I put a hand up to stop him. “I’ll accept sympathy for the marriage, but not for the divorce.” We both smiled and drifted into an oddly comfortable silence.

All at once I didn’t know where I was. How had we arrived at such a personal place?

When Bunter jumped down from the wingback and wandered out the door, I gestured to the chair. “Please.” I sat behind my desk, clasped my hands across the blotter, and regained my position.

“It’s very good of you to come to us—when I sent the e-mail to the college, I expected a bit of to-and-fro before anyone would meet in person.”

Moffatt settled in the chair and tugged on the cuffs of his jacket, which I now noticed were worn smooth of their corduroy. “Your e-mail went to the department head, of course, but a friend mentioned the Society to me, and so I said I would take this on.”

“You’re a lecturer?”

“Yes, in creative writing and genre fiction. Most of my courses are taught through the adult-learning division.”

“That’s excellent.” And it was—here I had successfully located the right person from Bath College who knew about the Society and worked with adults. What more could I ask?

We talked over the idea of the literary salons. Moffatt wasn’t able to commit—that would take the approval of the college—but we discussed topics, timing, promotion. It was all terribly useful, and even better, here I was having an intelligent conversation with a colleague about my work. Things were looking up.

“I doubt we could offer the speakers a fee,” I admitted.

“Apart from a glass of wine,” he said.

“You know, if we ever wanted to expand the salons and include the nineteenth century, I could get someone from the Jane Austen Centre—it’s where I worked before this.”

“Was it?” he asked, looking me over with both a frown and a smile. “I’m not sure I can see that.”

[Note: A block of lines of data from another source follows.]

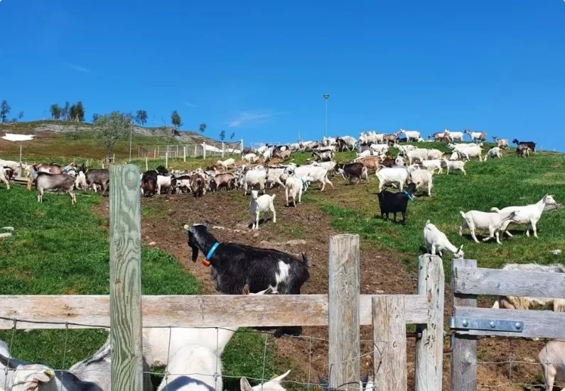 Geiteflokken koser seg på frodig beite i det fine sommerværet. Foto: Monica Helena Johansen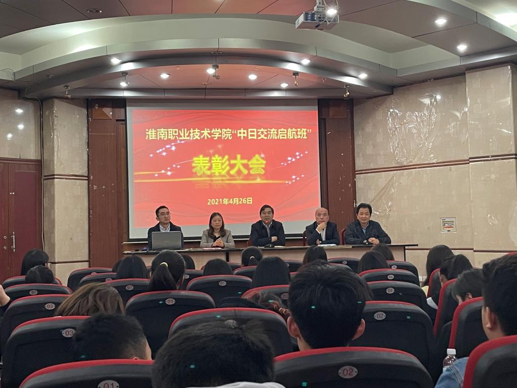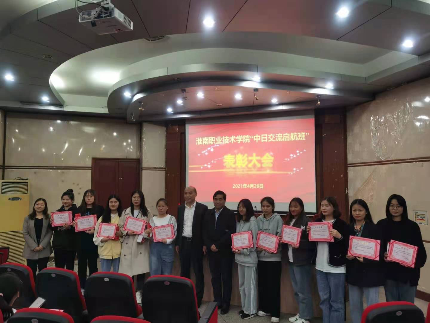 淮南职业技术学院“中日交流启航班”自2020年12月11日开班以来,在学校领导和芜湖外经集团的大力支持下,教学秩序井然、学习氛围良好。经过前期的努力,同学们在2021年度第一阶段日语测试中取得了较好成绩,其中11人荣获一等奖、23人荣获二等奖、28人荣获三等奖。学校领导和芜湖外经集团领导亲自为获奖同学颁奖。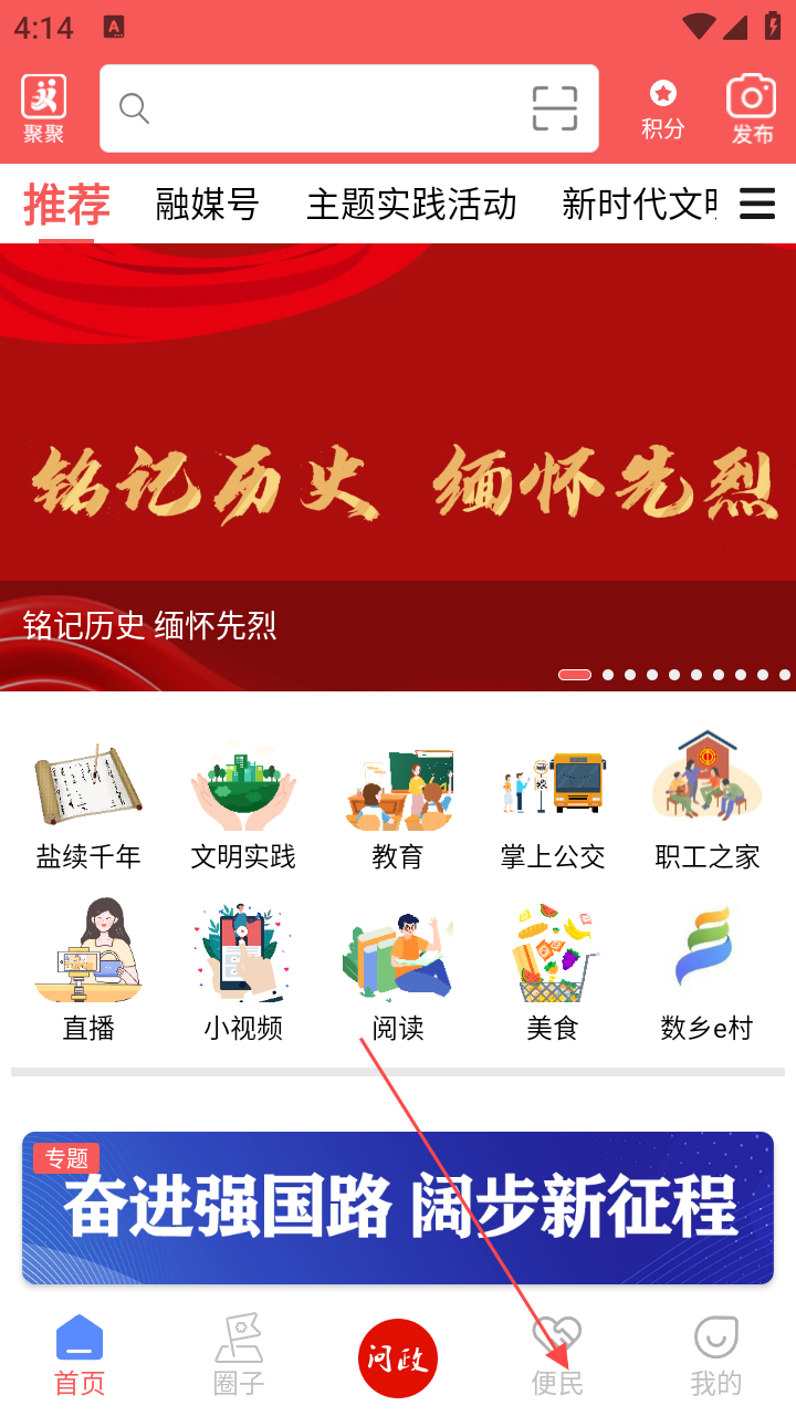1、打开应用进入首页,点底部【便民】,进入便民服务页。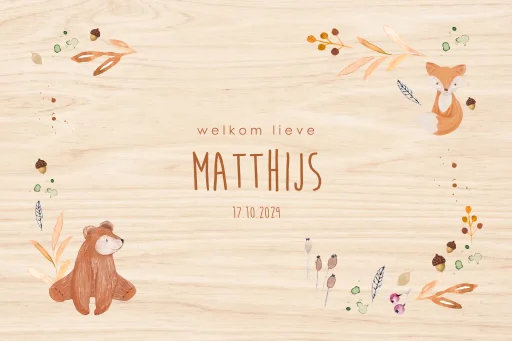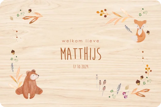 Een lieve houten memorybox als kraamcadeau of voor je eigen kindje. Deze houten memorybox is perfect voor spulletjes uit de zwangerschaps- en babytijd. Op deze memorybox zie je herfst illustraties en bosdieren. Pas de memorybox eenvoudig zelf aan.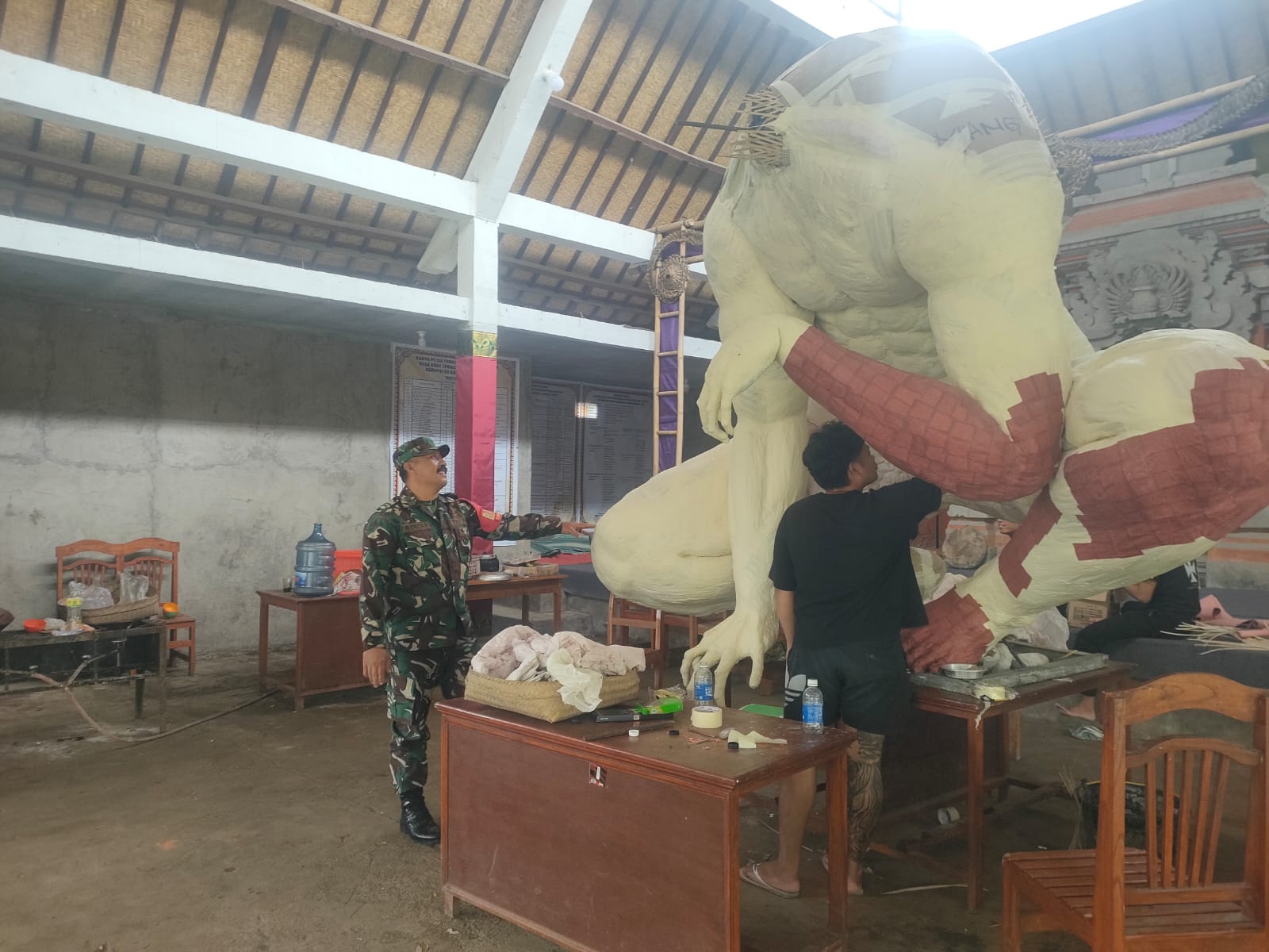 Bangli – Dalam rangka menyambut Hari Raya Nyepi yang jatuh pada Tahun Baru Saka 1948, Babinsa Desa Tiga, Pelda I Nengah Wendra, telah melaksanakan kegiatan Komunikasi Sosial (Komsos) sekaligus memantau proses pembuatan ogoh-ogoh oleh Sekehe Truna Truni di Banjar Temaga.

“I was behind the scenes, not in the public eye.”

“Your knowledge about the mystery genre must be quite extensive to have landed this post.”

“There is always more to learn,” I replied vaguely.

“Crime, suspense—you’re the expert, I’m sure.”

I felt myself being pushed out onto thin ice. “Popular literature, no matter the genre or era, contains many of the same elements, don’t you think?”

“So, what do you think—if we put Inspector Grant up against Chief Inspector Alleyn, who do you believe would solve the crime first?”

“I . . . I . . .” I had no idea. Those names rang distant bells, but I couldn’t tell you which Golden Age authors they belonged to, even though the library shelves were lined with their books. “It isn’t fair for me to put them in a competition.”

“It’s a question I often ask my students,” Moffatt replied. “It focuses them on the elements of the story.” He glanced round the office. “And you live on the premises?”

“I’m not sure this has any bearing on the work we will carry out—”

“Well, you’ve certainly done well for yourself here.” He rubbed his hands on the leather armchair. “A far cry from what a college lecturer can afford, I’ll tell you that.”

“My accommodations,” I said, my face blazing, “are part of the compensation as curator. You can be sure, Mr. Moffatt, that my pay package reflects that fact. And just because I have rooms upstairs at Middlebank, it doesn’t mean I am waited on hand and foot by servants.”

“Tea?” Mrs. Woolgar asked, standing in the doorway with tray in hand.